# how do you paint the armageddon steel legion?



## TAUfanatic (Jun 7, 2008)

I've been wanting to get into them for some time (I've been considering starting an IG "blitzkrieg" themed army but more on that another time)

my problem is that I don't know how to paint them,the infantry seem simple and all I need to know are what colors they use but how do you paint the vehicles and get that "airbrush" effect? (I know for sure its not the airbrush since I've seen the models in old white dwarfs waaaaaaay before the airbrush was out....)

so can anyone help me out here?


----------



## humakt (Jan 2, 2008)

Airbrushes have been out for many many years before GW decided to make one. 

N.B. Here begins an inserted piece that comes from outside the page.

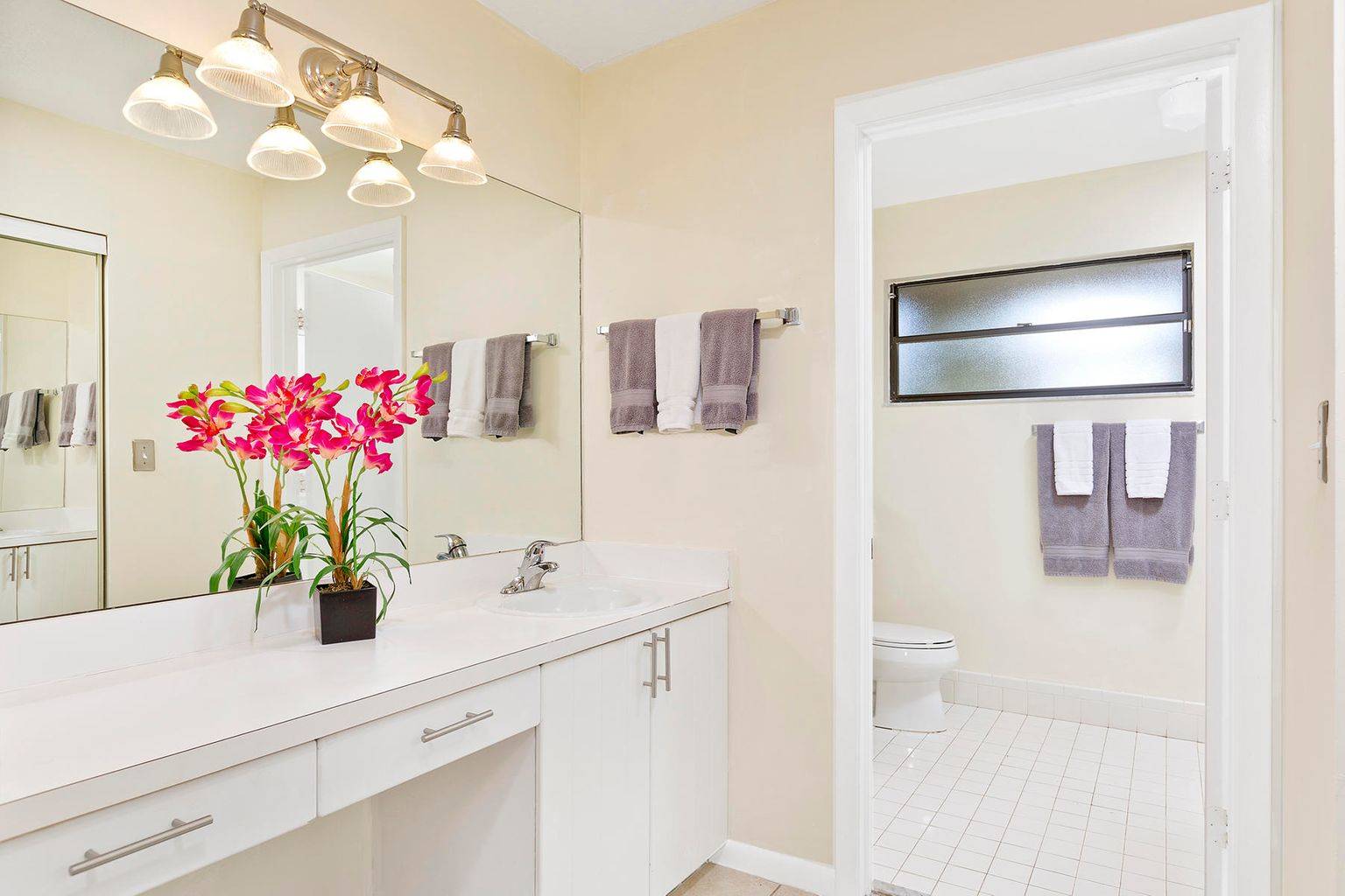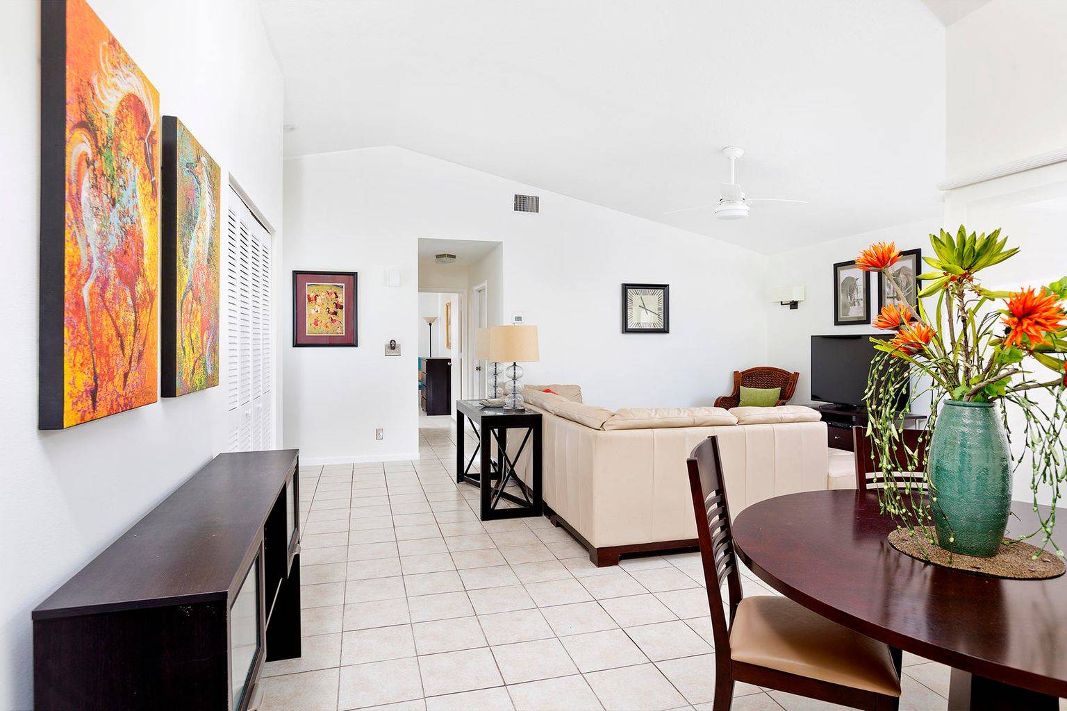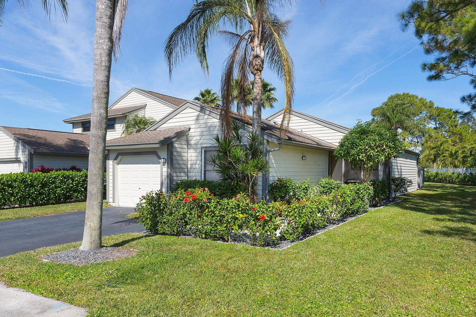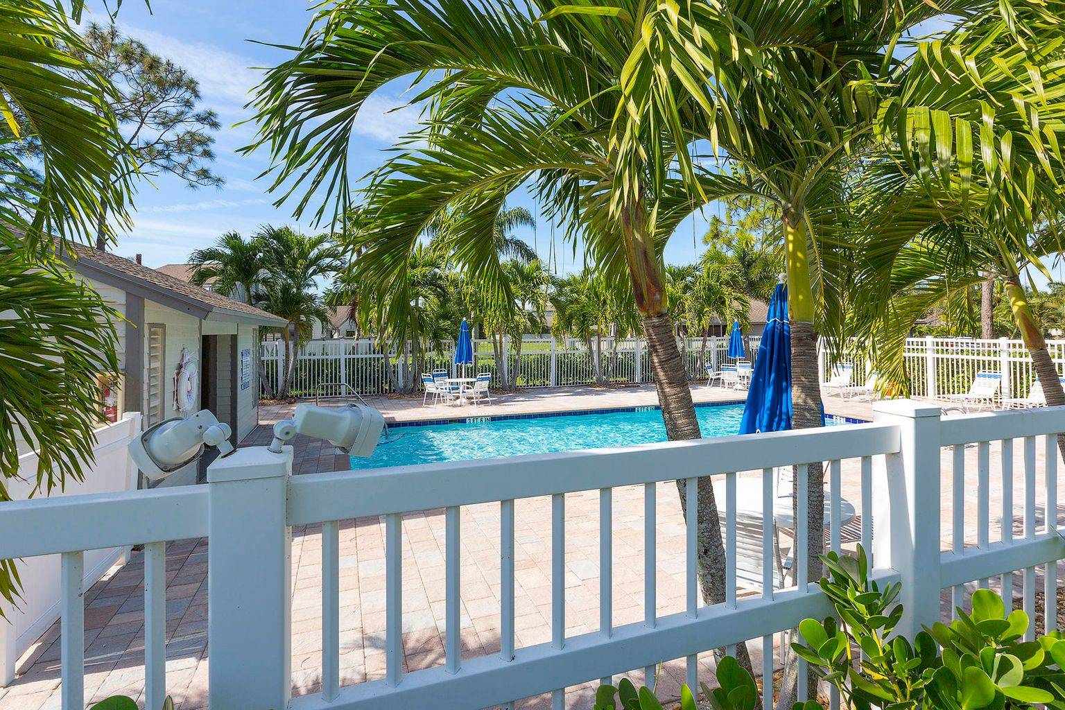 Experience the convenience of the in demand Bedford Mews location. This attractive 2 bedroom/2 bathroom home has been newly painted, updated, and is being sold furnished. The large master bedroom welcomes you and includes an en-suite bathroom. The living room & newly remodeled kitchen open directly onto the screened patio. The quiet, spacious back yard is completely fenced in for privacy. Relax and refresh in the comfort of your own dipping pool or find yourself steps away from the community pool. This desirable end unit is located adjacent to expansive green open space. The property includes a screened front entry patio, tile throughout, custom shades, hurricane shutters, a 1 car garage, and plenty of room to entertain.

They really are ideal for soft edged camo on vehicles, and there are not many other ways to get this effect that I am aware off.


----------



## bitsandkits (Mar 18, 2008)

humakt said:


> Airbrushes have been out for many many years before GW decided to make one.
> 
> They really are ideal for soft edged camo on vehicles, and there are not many other ways to get this effect that I am aware off.


dont talk crazy everyone knows Games workshop invented air brushes :biggrin:


----------



## TAUfanatic (Jun 7, 2008)

lol,I was mentioning the thing about the airbrush since I don't think GW would let eavy metal use anything that wasn't from them or citadel


----------